Below is a listing. Return the lines from the one that contains "DAASTrading.id adalah Platform" to the one that contains "Розчиніть в пластикових", both ends included, verbatim and with no pictures.

Records for the task:
************
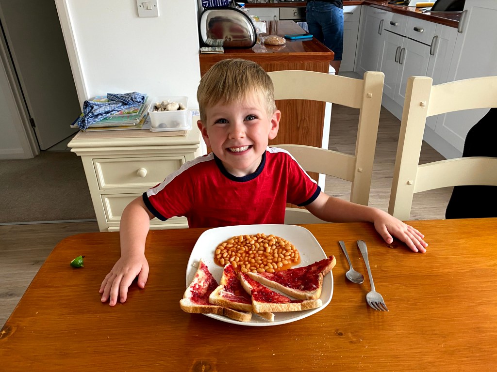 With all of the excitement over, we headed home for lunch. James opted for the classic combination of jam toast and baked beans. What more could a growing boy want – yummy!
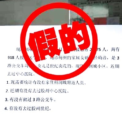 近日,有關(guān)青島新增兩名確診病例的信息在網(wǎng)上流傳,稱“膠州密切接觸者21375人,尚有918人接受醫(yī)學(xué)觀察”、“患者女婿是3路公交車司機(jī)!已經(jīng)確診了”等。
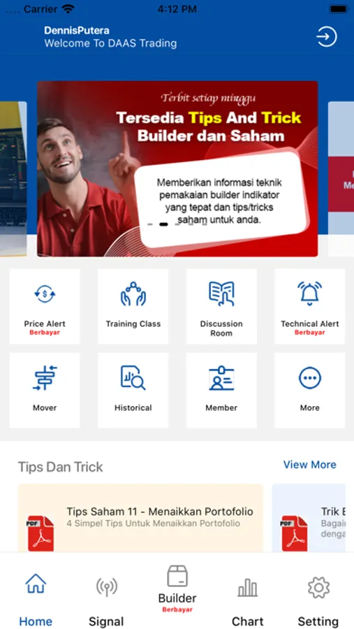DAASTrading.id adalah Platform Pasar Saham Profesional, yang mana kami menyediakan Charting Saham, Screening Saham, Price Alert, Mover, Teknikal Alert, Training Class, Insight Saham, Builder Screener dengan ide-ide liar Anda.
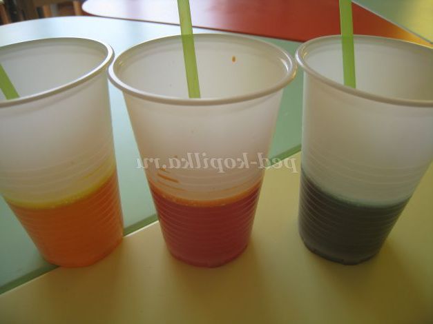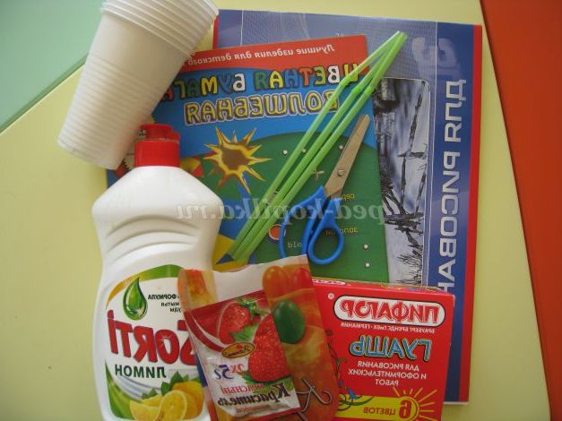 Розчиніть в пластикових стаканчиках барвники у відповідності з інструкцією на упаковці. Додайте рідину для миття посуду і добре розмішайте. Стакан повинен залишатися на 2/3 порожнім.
************
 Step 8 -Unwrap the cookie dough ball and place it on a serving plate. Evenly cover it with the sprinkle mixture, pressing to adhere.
************
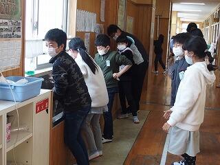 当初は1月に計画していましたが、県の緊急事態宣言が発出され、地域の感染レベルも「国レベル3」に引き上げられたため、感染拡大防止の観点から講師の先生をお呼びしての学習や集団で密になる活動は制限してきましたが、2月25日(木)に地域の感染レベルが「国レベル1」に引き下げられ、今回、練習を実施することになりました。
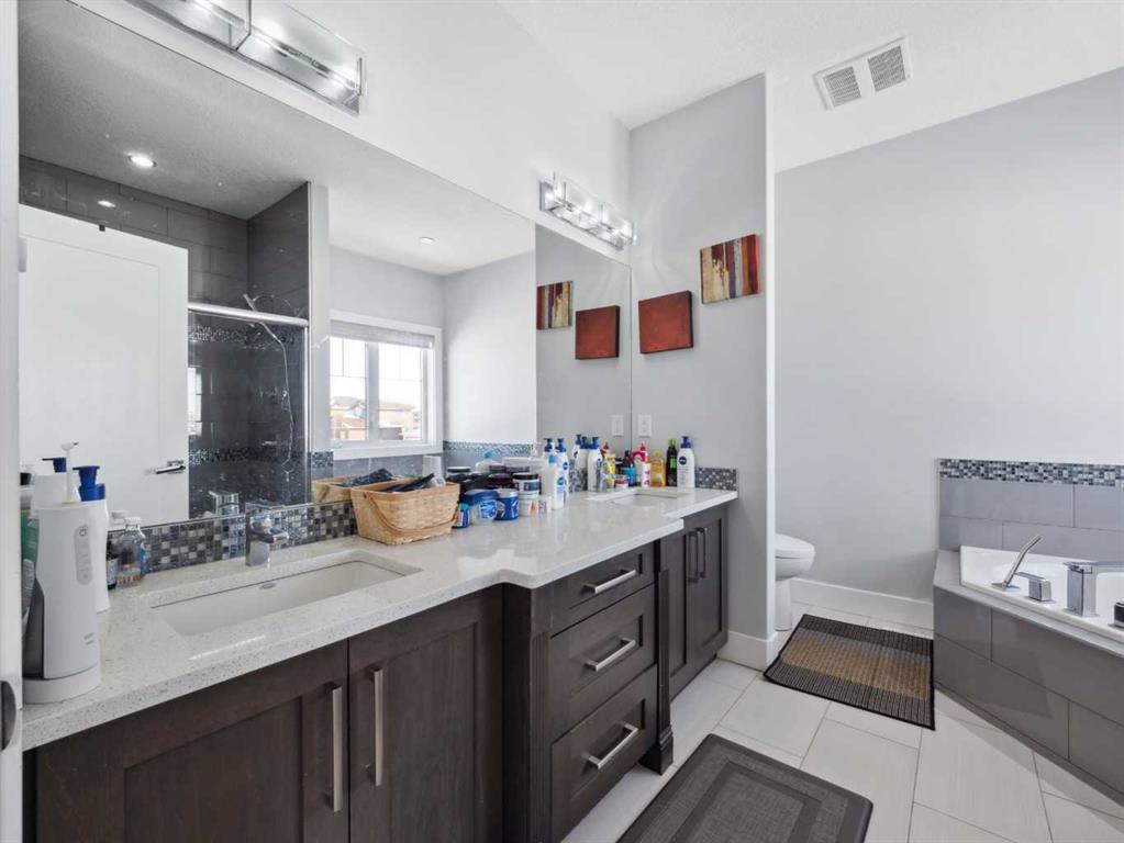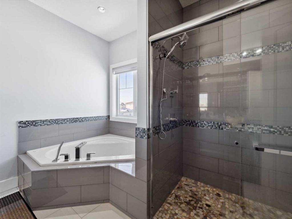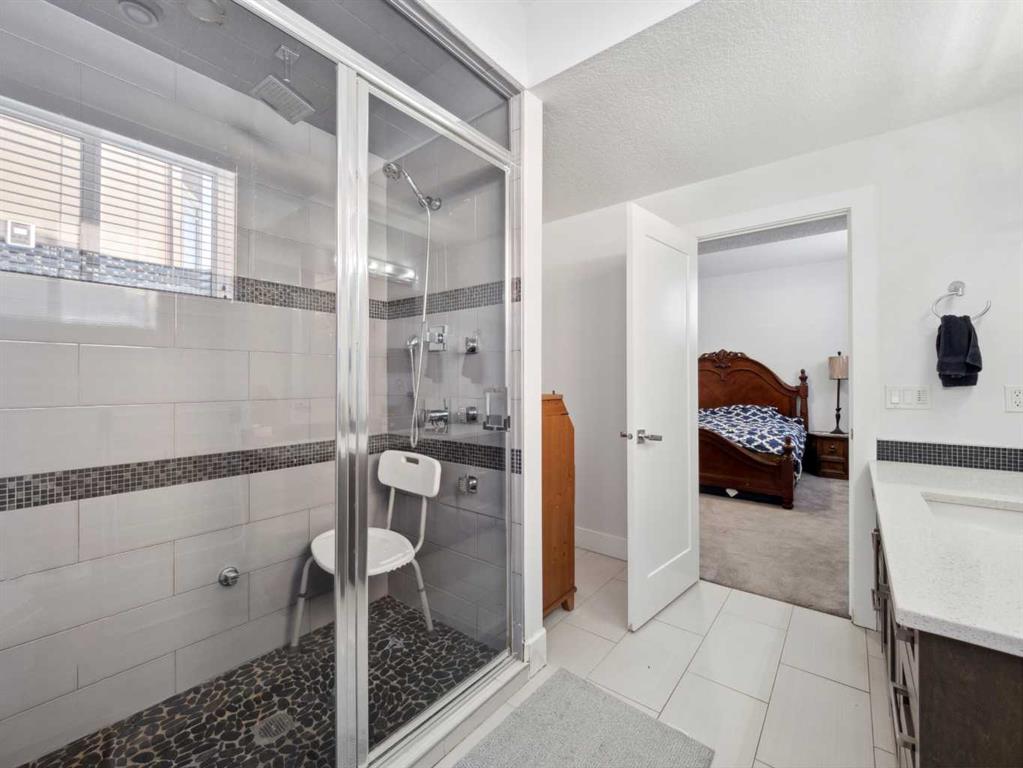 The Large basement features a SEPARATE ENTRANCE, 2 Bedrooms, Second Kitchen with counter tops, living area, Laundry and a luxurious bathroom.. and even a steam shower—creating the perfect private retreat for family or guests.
************
Exercise answer:
DAASTrading.id adalah Platform Pasar Saham Profesional, yang mana kami menyediakan Charting Saham, Screening Saham, Price Alert, Mover, Teknikal Alert, Training Class, Insight Saham, Builder Screener dengan ide-ide liar Anda.
 Розчиніть в пластикових стаканчиках барвники у відповідності з інструкцією на упаковці. Додайте рідину для миття посуду і добре розмішайте. Стакан повинен залишатися на 2/3 порожнім.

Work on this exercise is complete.